◆ Assignment ◆
For this exercise, an exact copy is needed of only the lines from the one containing "Este design contém: pantera" through the end of the data, with pictures left out.

◆ Items from a data source ◆
********************

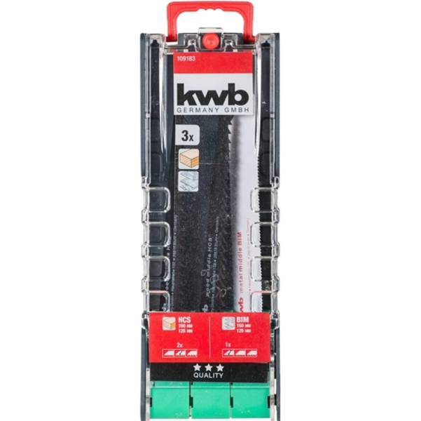 JOGO DE 3 LAMINAS DE SERRA SABRE SORTIDAS REF.491091832 x aço carbono HCS para trabalhar madeira, endurecidas, dentes retificados e ajustados com precisão, para madeira de construção e paredes …
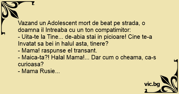 Vazand un Adolescent mort de beat pe strada, o doamna il Intreaba cu un ton compatimitor:
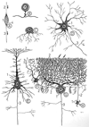 ニューロン;神経細胞;神経元【にゅーろん;しんけいさいぼう;しんけいげん】(神経細胞は核周部ともよばれる神経細胞体と、その突起からなる。細胞体の大きさ、形、突起の長さは多種多様で、その全形を把握するには渡銀法が適している。細胞体には一般の細胞と同じように小器官が存するが、その他の特徴のあるものとして、Nissl小体、神経原線維、色素顆粒がみられる。Nissl小体はチオニン、トルイジン青などの塩基性染料に染まり、細胞体の中で虎斑状にまだらに染め出されために虎斑物質ともよばれる。電顕で観察すると粗面小胞体の塊である。神経原線維は神経細管と神経細糸が集まり、銀に染まったものである。色素顆粒はリポフスチンを含み、リポフスチン顆粒、リポクロームなどとよばれる。水解小体の一種で年齢とともに増す傾向にある。また青斑や黒質の神経細胞体にはメラニンを含む。突起には、神経突起と樹状突起がある。前者は興奮を細胞体から遠心性に伝えるもので必ず1本、後者は興奮を突起から細胞体へ求心性に伝えるもので、神経細胞の種類によって、これを有しない物から、多数有するものまでみられる。神経突起のことを軸索とも呼ぶ。突起の数によって神経細胞は、単極神経細胞(突起が1本のもの)、双極神経細胞(突起が2本であるが、細胞体からでるところで合して1本になっているもの)、多極神経細胞(3本以上の突起をもつもの)に分けられる。突起のない神経細胞は完成した新形式には存在しない。これらの突起の中にももちろん神経細管や神経細糸は走っているが、Nissl小体は樹状突起の一部に認められるだけである。また、神経突起の起始部は小円錐状を呈し、軸索小丘(起始円錐ともよぶ)とよばれ、Nissl物質を欠く。神経細胞体から出るこれらの突起のことを神経線維ともよぶ。)
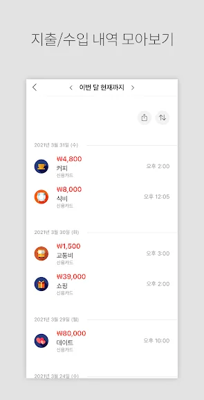 - 은행 및 카드회사 어플의 푸시 분석으로 내역을 입력할 수 있습니다.
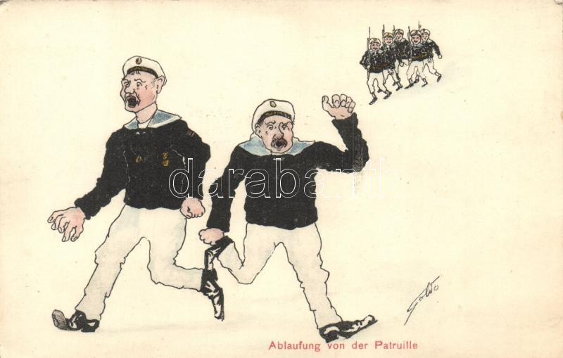 Beschreibung: 'Ablaufung von der Patruille' / Escape from the patrol, Austro-Hungarian mariners, humour, s: Golvo(?) (EK)
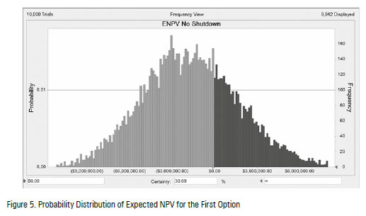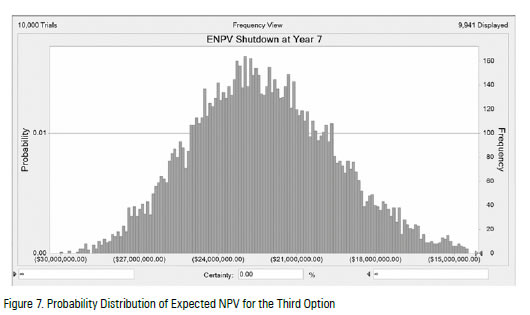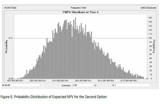 Figure 5 shows the result of the first option analysis (to continue the operation until the end of the project's life), and tells us that continuing the operation will give a chance to gain positive NPV (the probability of achieving positive NPV is 30%) with the maximum losses of about USD 9 million. Comparing the first option with the others, we can observe that the first option is the best in terms of probability of achieving NPV>0, and also maximum possible losses. The recommendation based on the results is that the management of GasFactory should continue its operation, and when new updated information is available in the future, the distribution of probability of demand should be updated to reflect the latest development of the recovery.
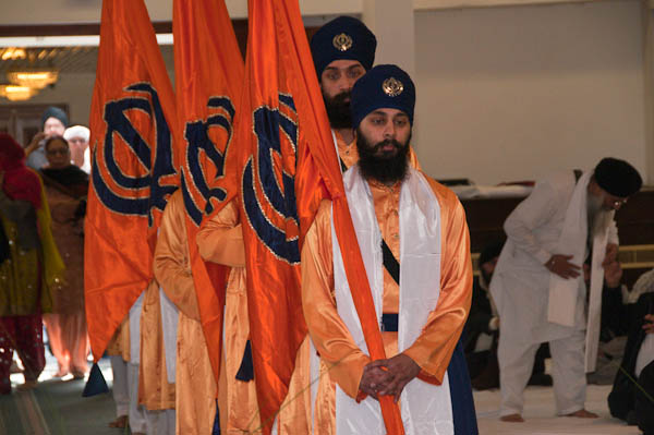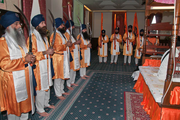 The Panj Pyare stand behind the Guru Granth Sahib during the worship
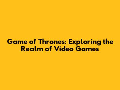 Game Of Thrones: Exploring The Realm Of Video Games
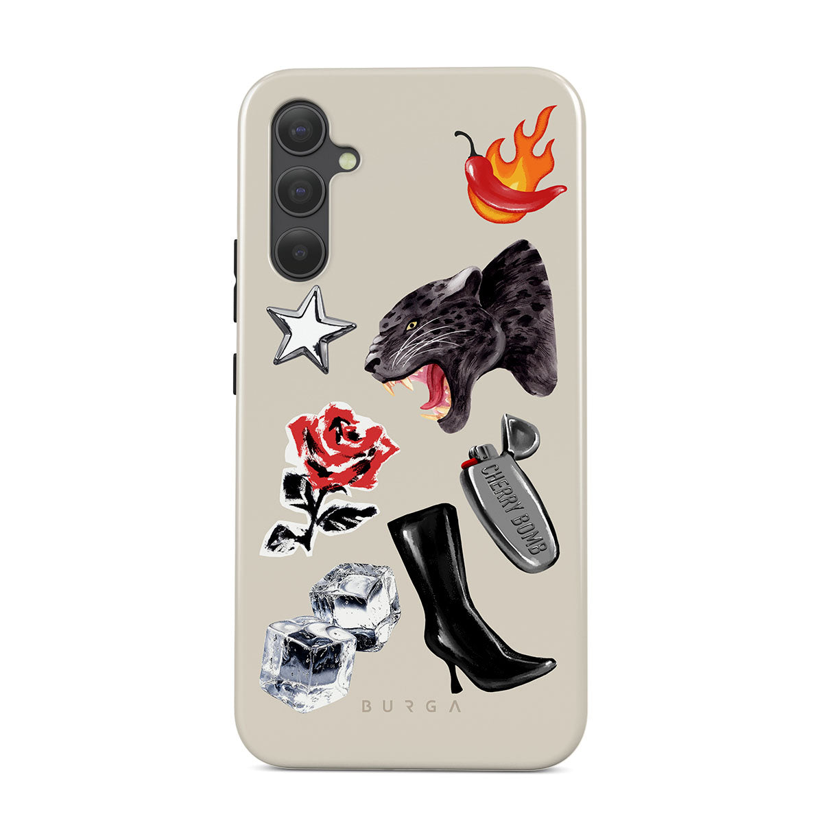 Este design contém: pantera negra, rosa vermelha, pimento a arder, isqueiro prateado, botas pretas até ao joelho, cubos de gelo, estrela prateada.
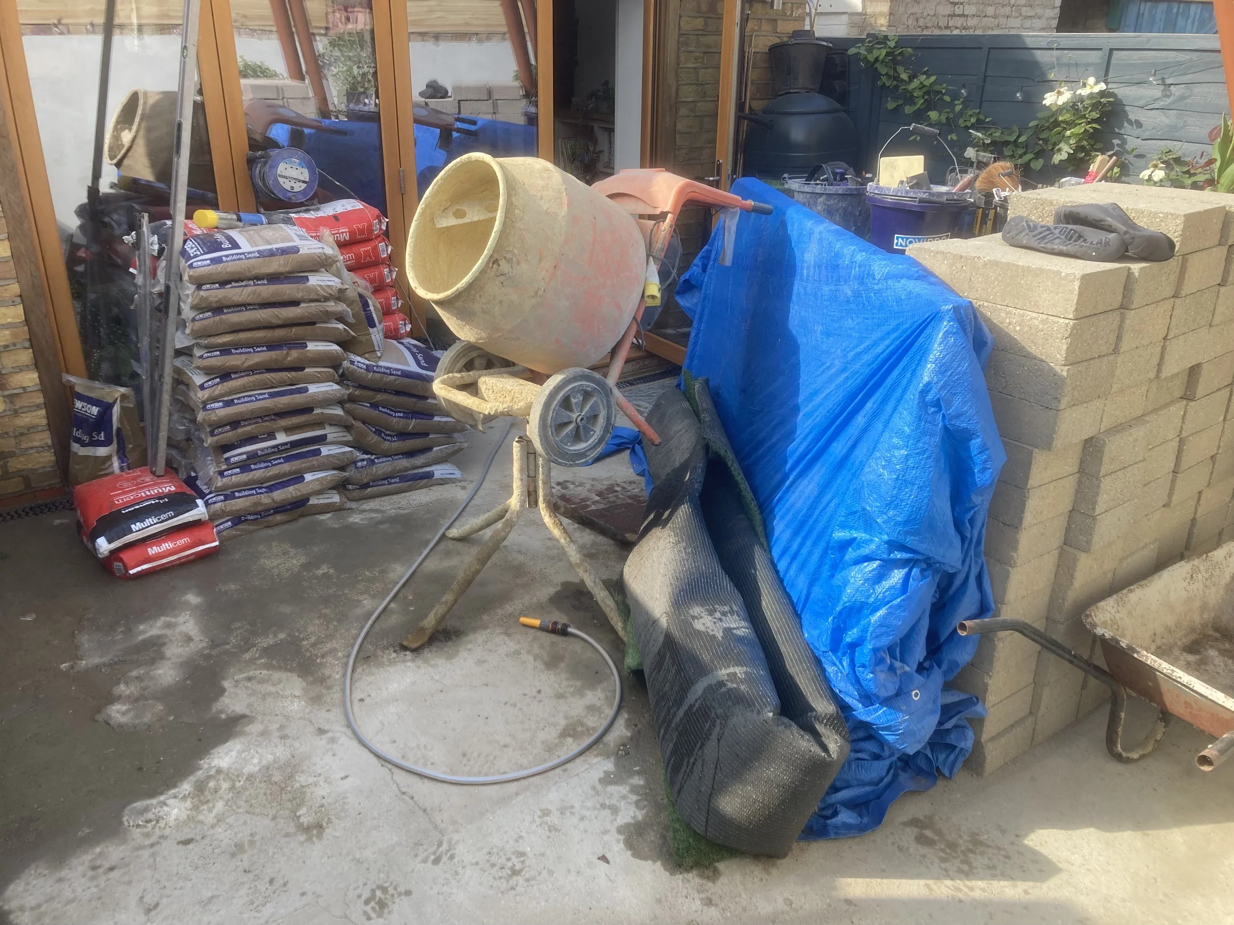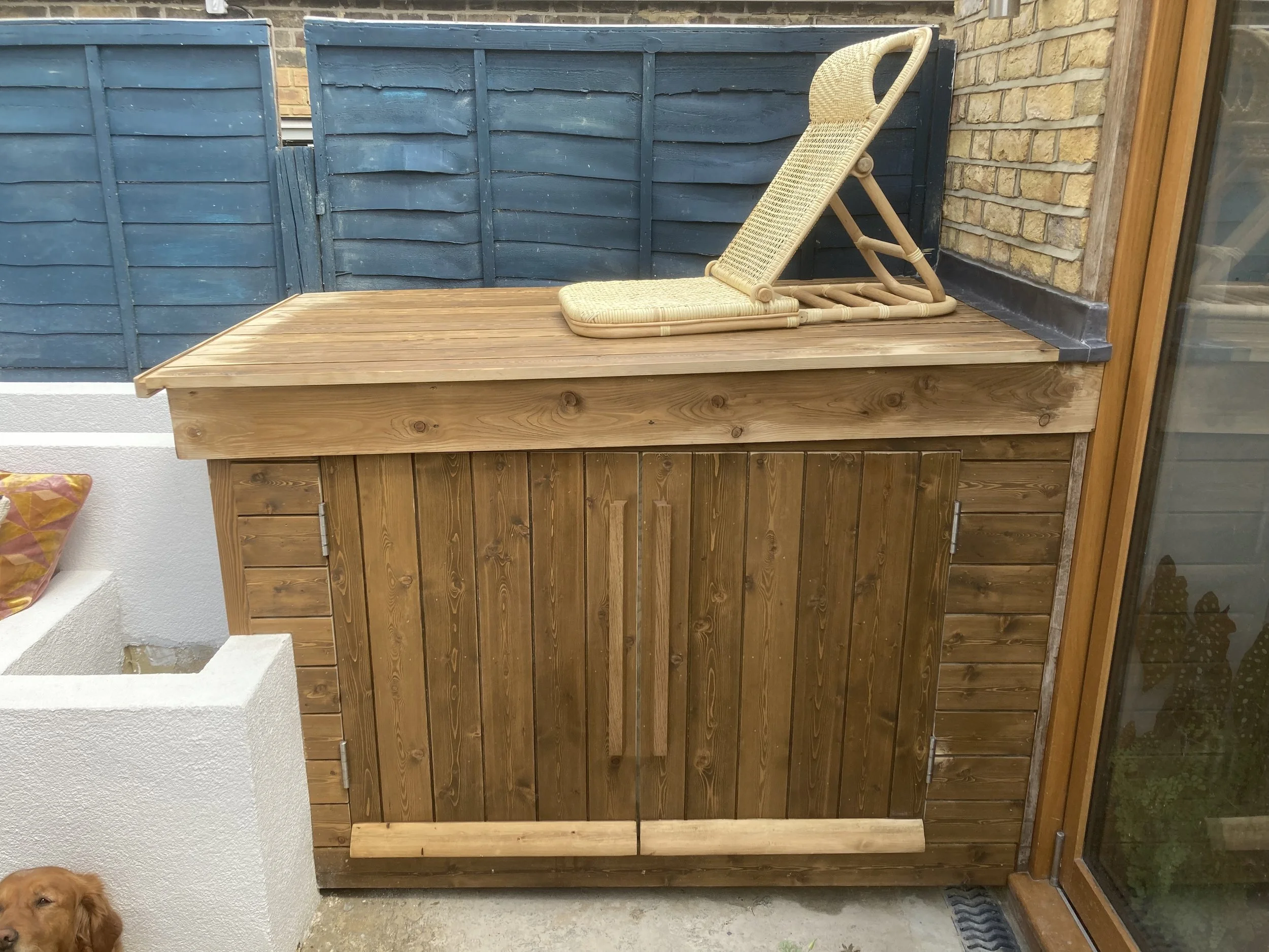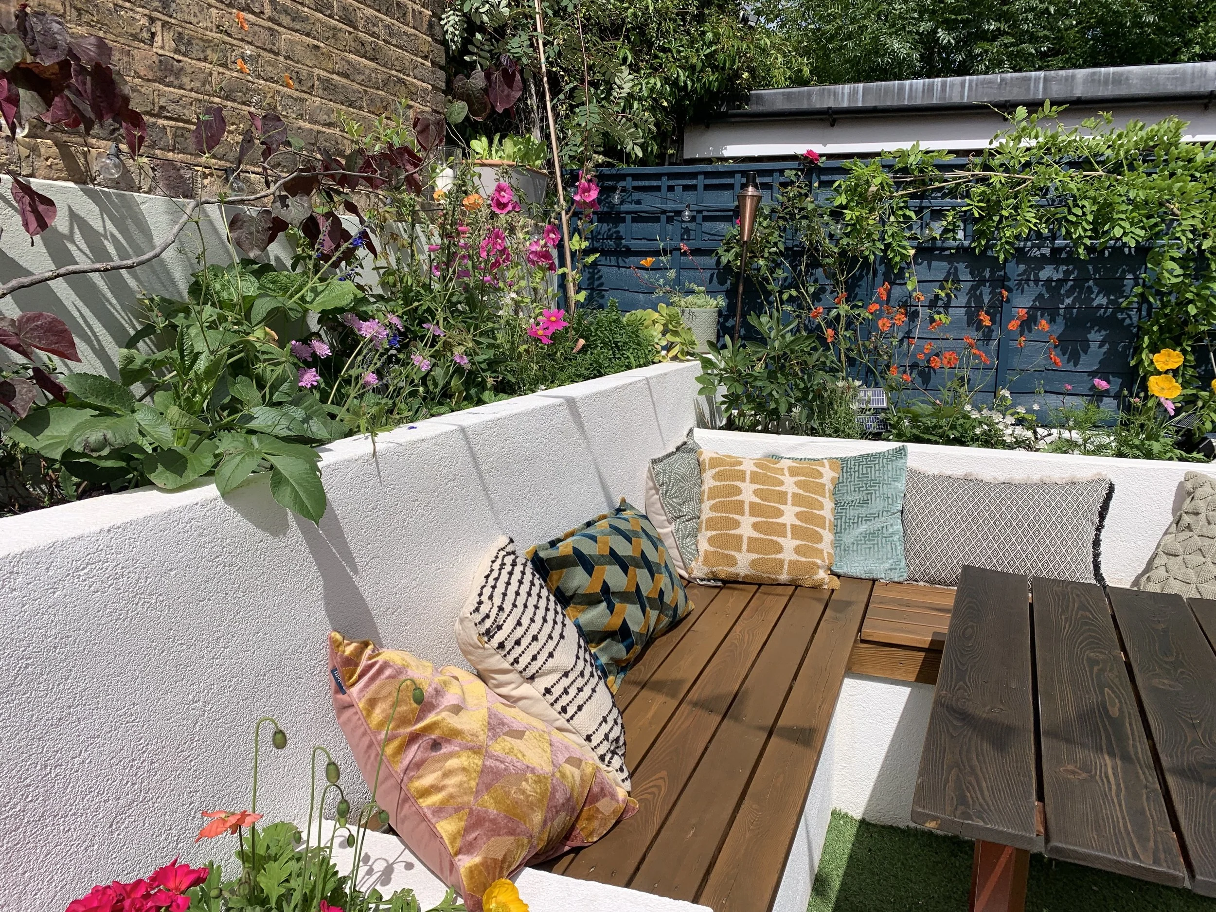 A complete transformation of a small terraced house garden in London. Good design, well planned drainage, long lasting block work and clever carpentry were all implemented to make a stylish and usable space in a trendy area of London. This was a little further than my usual commute and It was logistically challenging due to the lack of space and limited window of time. Nevertheless, the results have made it very worthwhile. The garden now features a freezer and storage shed (with roof that can be used to bathe in the last of the sun). Openable storage bench seats, rendered raised beds, a timber clad planter and a custom made table to suit. Paved flooring to come next….
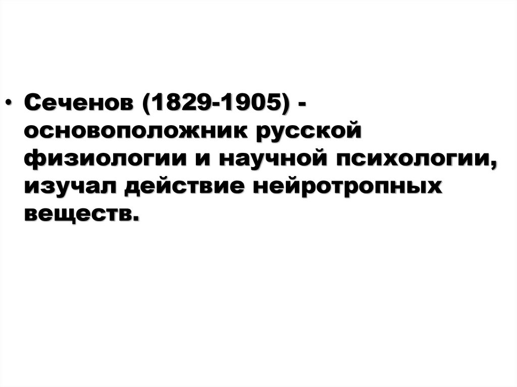 • Сеченов (1829-1905) основоположник русскойфизиологии и научной психологии,

********************

◆ Solution for this task ◆
 Este design contém: pantera negra, rosa vermelha, pimento a arder, isqueiro prateado, botas pretas até ao joelho, cubos de gelo, estrela prateada.
 A complete transformation of a small terraced house garden in London. Good design, well planned drainage, long lasting block work and clever carpentry were all implemented to make a stylish and usable space in a trendy area of London. This was a little further than my usual commute and It was logistically challenging due to the lack of space and limited window of time. Nevertheless, the results have made it very worthwhile. The garden now features a freezer and storage shed (with roof that can be used to bathe in the last of the sun). Openable storage bench seats, rendered raised beds, a timber clad planter and a custom made table to suit. Paved flooring to come next….
 • Сеченов (1829-1905) основоположник русскойфизиологии и научной психологии,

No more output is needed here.